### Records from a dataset
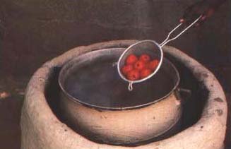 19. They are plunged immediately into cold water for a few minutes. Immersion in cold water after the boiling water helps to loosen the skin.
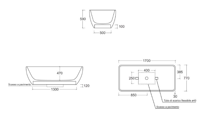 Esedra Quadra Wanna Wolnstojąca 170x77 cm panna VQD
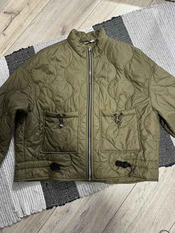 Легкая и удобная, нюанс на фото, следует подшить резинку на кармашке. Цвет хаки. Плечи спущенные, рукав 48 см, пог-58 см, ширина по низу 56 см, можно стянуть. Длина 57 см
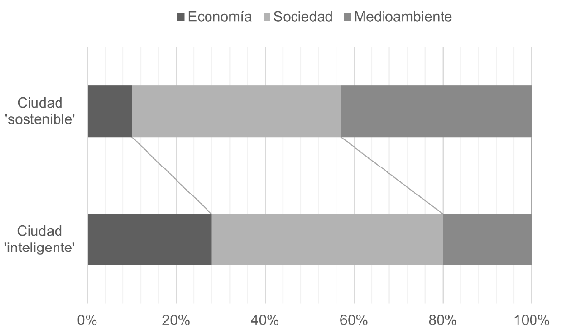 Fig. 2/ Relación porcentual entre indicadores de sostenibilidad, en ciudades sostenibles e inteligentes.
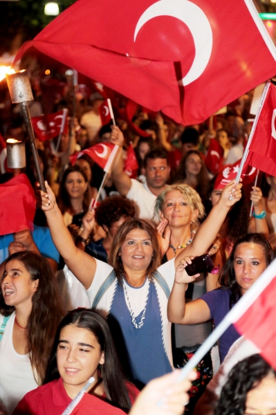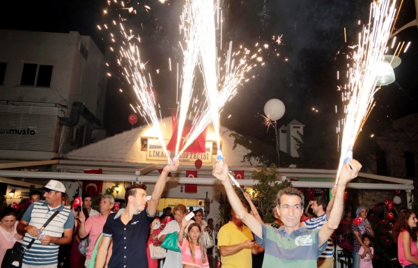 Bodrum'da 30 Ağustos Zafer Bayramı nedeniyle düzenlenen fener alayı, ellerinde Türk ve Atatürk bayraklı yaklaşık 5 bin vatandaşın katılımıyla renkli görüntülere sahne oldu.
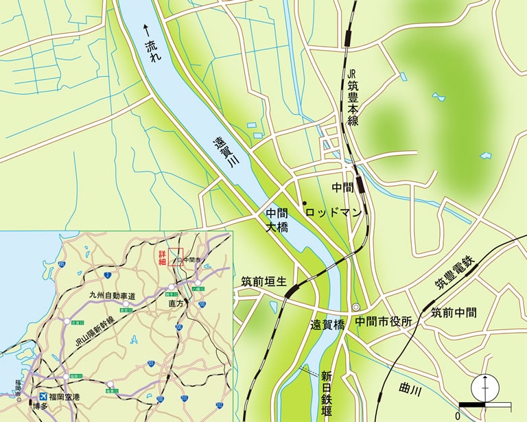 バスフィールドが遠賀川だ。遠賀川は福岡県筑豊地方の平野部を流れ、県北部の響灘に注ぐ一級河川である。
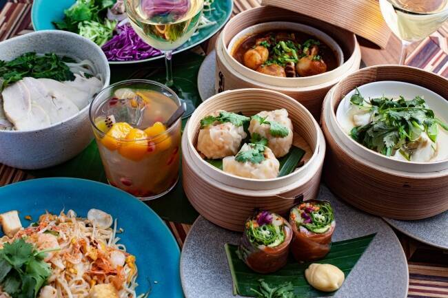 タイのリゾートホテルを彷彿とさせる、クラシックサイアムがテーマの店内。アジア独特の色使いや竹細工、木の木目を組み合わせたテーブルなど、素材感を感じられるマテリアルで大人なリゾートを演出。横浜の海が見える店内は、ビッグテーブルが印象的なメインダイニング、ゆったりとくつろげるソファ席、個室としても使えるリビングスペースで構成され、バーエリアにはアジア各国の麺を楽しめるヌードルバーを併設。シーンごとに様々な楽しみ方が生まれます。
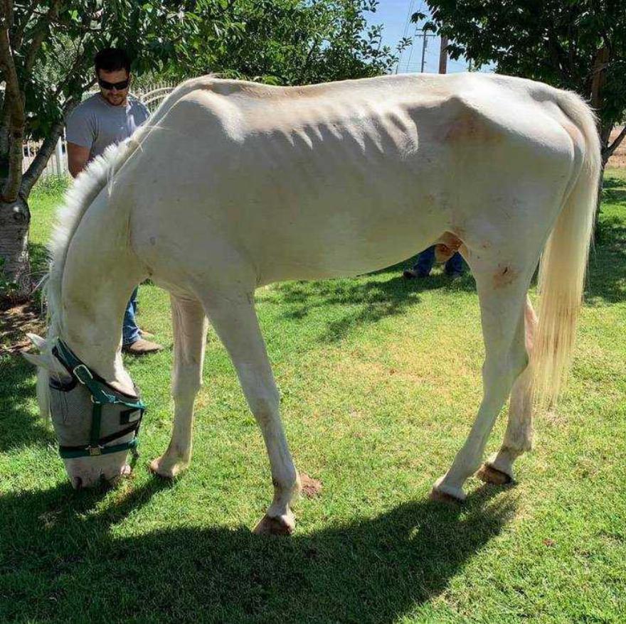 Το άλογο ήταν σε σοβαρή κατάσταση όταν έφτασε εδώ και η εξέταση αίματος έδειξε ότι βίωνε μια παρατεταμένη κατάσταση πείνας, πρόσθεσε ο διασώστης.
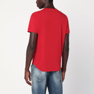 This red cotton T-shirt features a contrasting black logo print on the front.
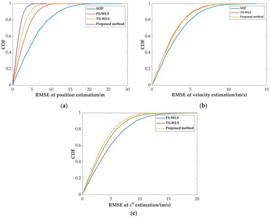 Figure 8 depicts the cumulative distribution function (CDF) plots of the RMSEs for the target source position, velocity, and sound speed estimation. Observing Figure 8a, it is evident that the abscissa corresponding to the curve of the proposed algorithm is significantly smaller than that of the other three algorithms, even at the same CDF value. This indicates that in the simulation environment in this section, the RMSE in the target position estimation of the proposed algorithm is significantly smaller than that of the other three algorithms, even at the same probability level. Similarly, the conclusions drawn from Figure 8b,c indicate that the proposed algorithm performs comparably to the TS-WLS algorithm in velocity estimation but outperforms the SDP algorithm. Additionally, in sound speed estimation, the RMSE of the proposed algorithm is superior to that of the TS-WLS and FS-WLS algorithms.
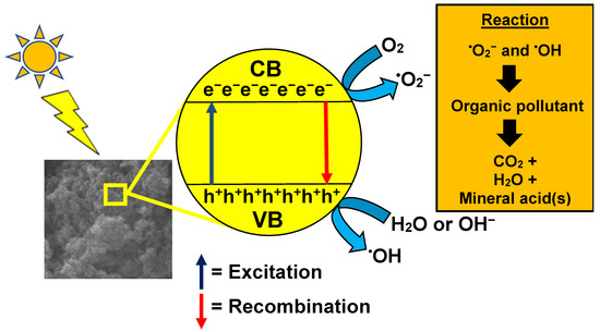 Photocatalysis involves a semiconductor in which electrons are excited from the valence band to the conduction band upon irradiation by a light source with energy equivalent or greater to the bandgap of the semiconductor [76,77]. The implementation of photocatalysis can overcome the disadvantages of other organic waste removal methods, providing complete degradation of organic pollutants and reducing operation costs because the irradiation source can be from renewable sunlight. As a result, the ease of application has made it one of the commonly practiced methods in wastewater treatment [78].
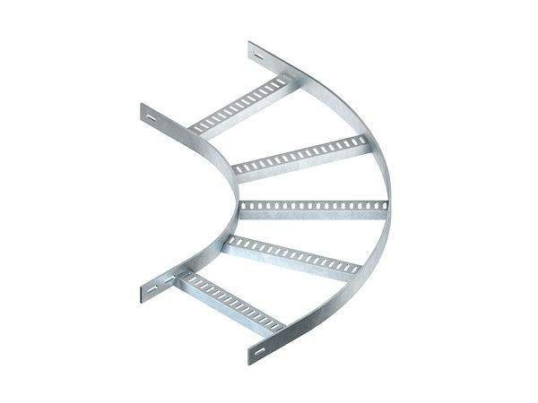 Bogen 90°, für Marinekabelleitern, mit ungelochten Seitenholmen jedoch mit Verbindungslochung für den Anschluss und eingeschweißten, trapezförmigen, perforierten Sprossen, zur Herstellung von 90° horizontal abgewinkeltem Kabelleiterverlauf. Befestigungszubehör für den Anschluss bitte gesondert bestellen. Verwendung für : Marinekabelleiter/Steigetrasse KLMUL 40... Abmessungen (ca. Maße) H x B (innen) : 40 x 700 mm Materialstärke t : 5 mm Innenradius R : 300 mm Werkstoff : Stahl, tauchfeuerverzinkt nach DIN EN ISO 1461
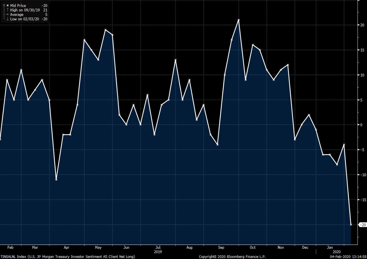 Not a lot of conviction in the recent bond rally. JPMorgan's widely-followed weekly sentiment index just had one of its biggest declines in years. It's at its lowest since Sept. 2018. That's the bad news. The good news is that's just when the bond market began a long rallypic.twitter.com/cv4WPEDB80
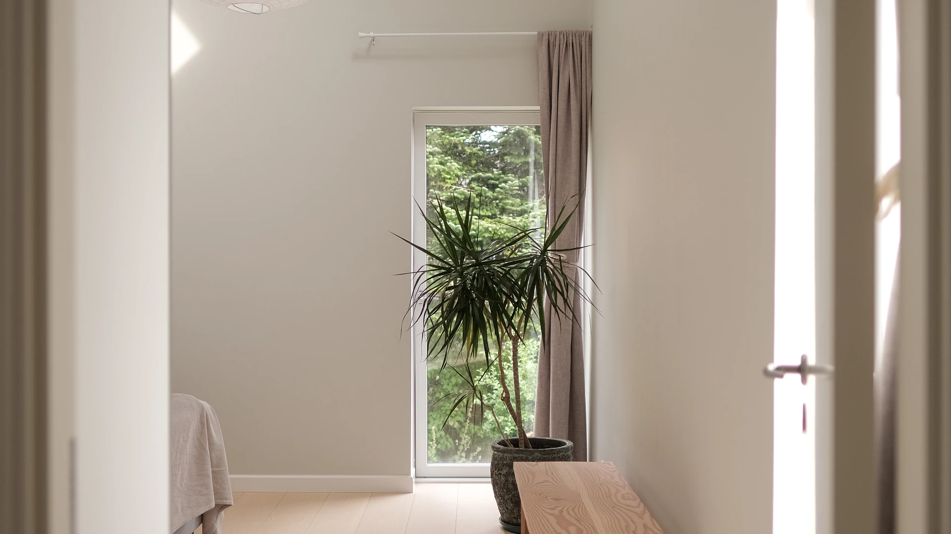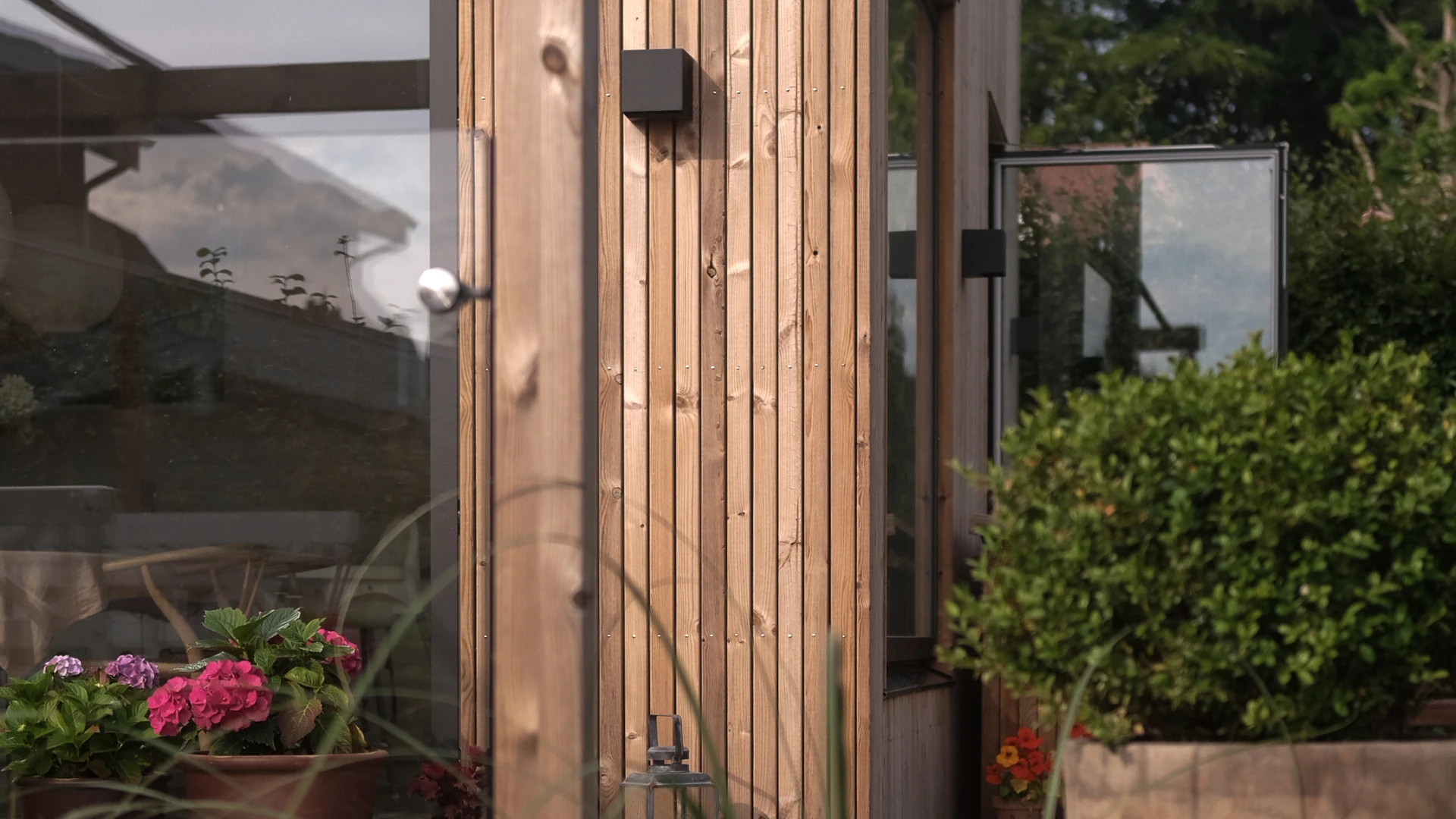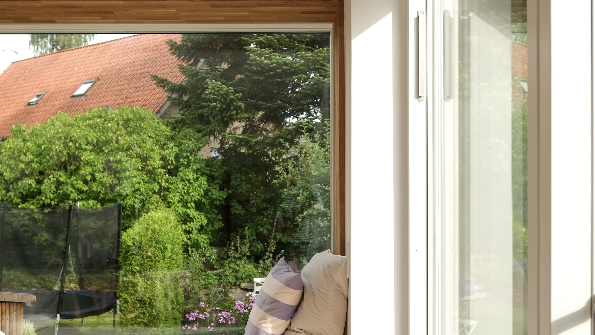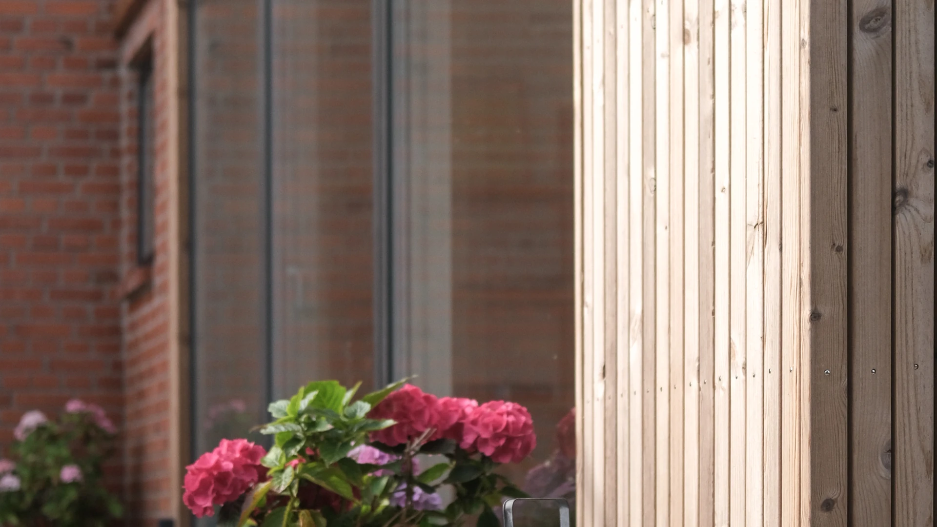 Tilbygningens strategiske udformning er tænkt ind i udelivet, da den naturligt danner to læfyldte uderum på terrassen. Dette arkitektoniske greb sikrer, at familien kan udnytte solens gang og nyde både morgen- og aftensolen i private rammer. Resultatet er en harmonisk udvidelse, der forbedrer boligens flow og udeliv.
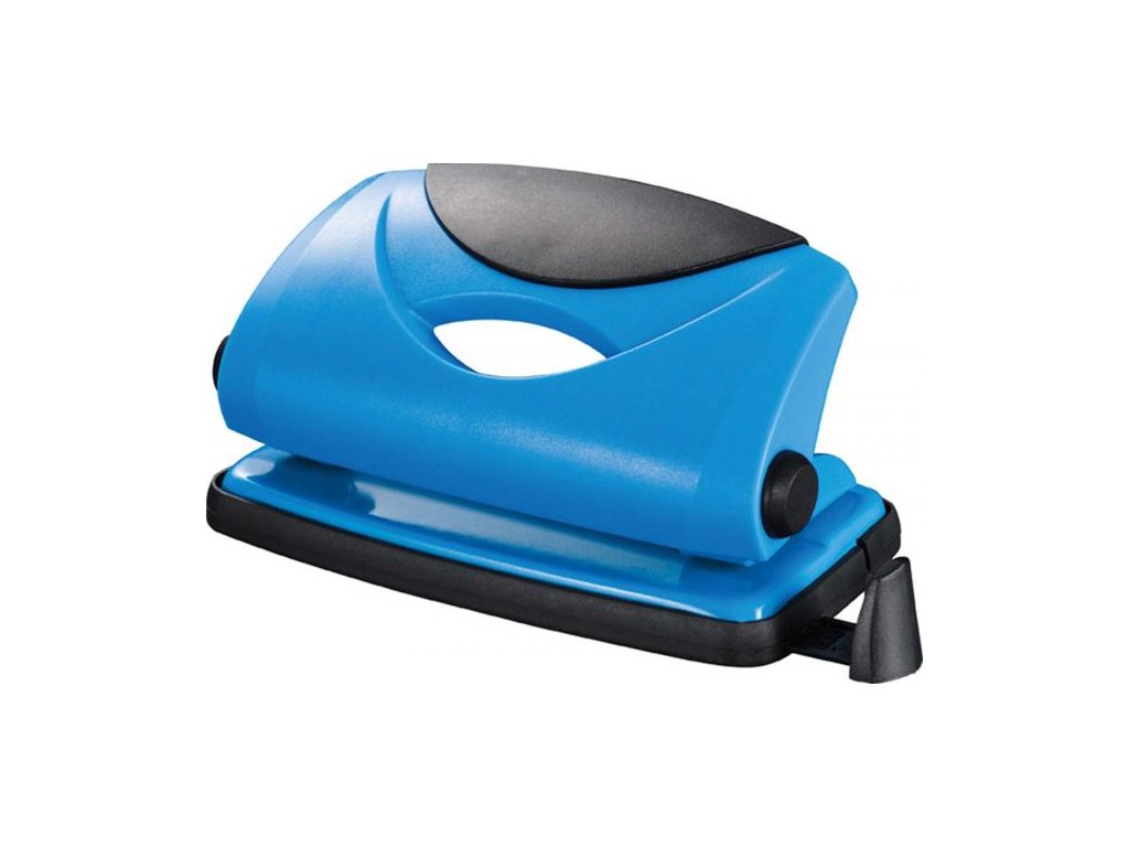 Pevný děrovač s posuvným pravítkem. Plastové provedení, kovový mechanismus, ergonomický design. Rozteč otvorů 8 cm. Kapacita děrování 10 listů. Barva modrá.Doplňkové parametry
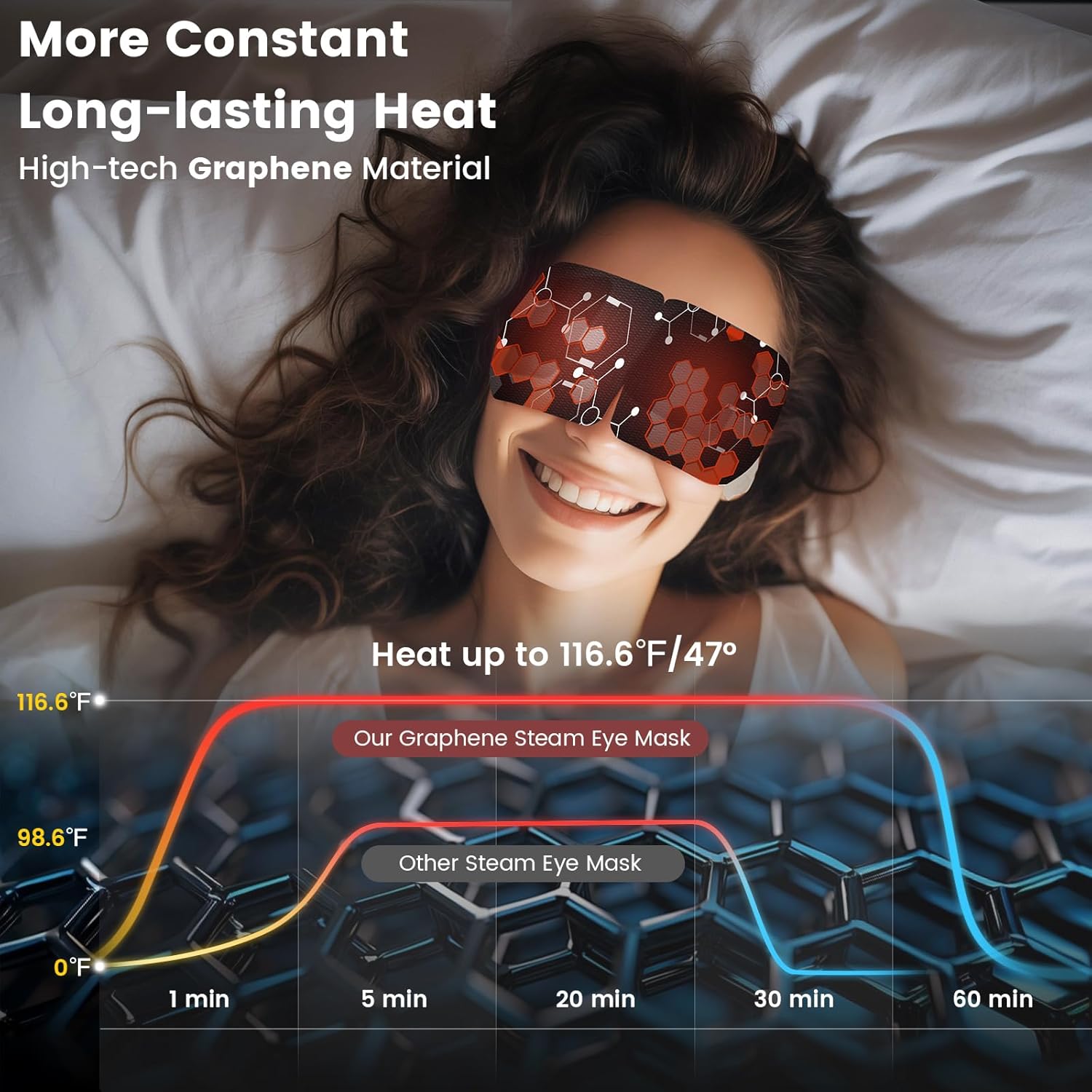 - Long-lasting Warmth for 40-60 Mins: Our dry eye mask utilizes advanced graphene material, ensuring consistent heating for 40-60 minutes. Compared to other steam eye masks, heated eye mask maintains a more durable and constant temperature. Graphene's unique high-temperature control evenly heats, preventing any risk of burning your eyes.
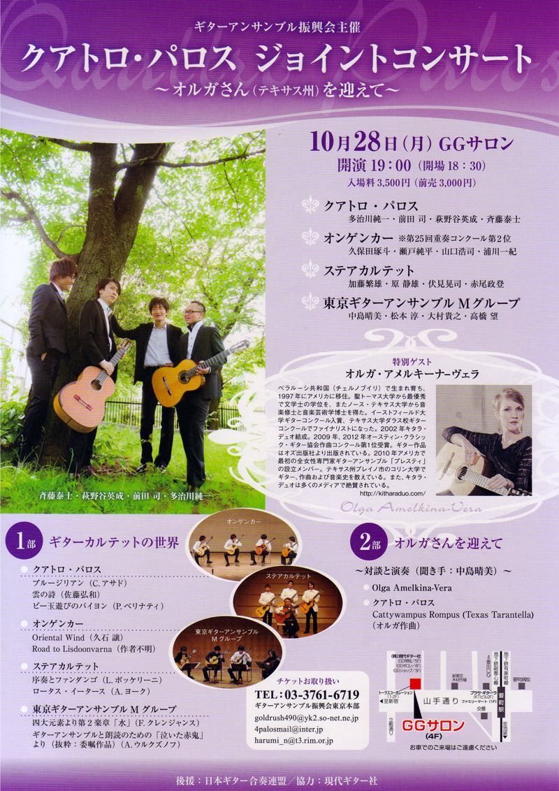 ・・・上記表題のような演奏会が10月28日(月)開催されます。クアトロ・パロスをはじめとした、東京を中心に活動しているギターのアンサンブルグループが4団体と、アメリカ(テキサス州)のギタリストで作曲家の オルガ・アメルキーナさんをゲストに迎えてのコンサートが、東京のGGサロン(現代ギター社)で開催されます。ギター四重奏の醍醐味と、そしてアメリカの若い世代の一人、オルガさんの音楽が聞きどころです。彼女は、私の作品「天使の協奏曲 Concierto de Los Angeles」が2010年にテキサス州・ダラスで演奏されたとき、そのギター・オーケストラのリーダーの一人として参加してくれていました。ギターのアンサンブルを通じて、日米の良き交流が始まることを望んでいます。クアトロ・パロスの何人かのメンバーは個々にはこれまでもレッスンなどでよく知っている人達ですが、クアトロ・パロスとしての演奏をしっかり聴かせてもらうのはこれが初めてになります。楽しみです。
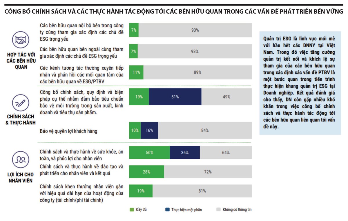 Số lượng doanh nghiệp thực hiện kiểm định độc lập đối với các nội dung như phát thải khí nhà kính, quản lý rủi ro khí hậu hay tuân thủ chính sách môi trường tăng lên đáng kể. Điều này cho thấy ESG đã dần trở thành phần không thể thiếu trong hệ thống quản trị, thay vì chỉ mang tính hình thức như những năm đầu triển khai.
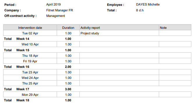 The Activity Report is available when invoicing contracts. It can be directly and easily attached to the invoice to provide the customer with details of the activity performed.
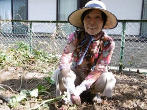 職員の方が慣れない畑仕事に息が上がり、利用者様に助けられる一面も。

### What you have to do
With the pictures left out, give again exactly the lines from the one that contains "Số lượng doanh" through the final line of the data above.

### Output
 Số lượng doanh nghiệp thực hiện kiểm định độc lập đối với các nội dung như phát thải khí nhà kính, quản lý rủi ro khí hậu hay tuân thủ chính sách môi trường tăng lên đáng kể. Điều này cho thấy ESG đã dần trở thành phần không thể thiếu trong hệ thống quản trị, thay vì chỉ mang tính hình thức như những năm đầu triển khai.
 The Activity Report is available when invoicing contracts. It can be directly and easily attached to the invoice to provide the customer with details of the activity performed.
 職員の方が慣れない畑仕事に息が上がり、利用者様に助けられる一面も。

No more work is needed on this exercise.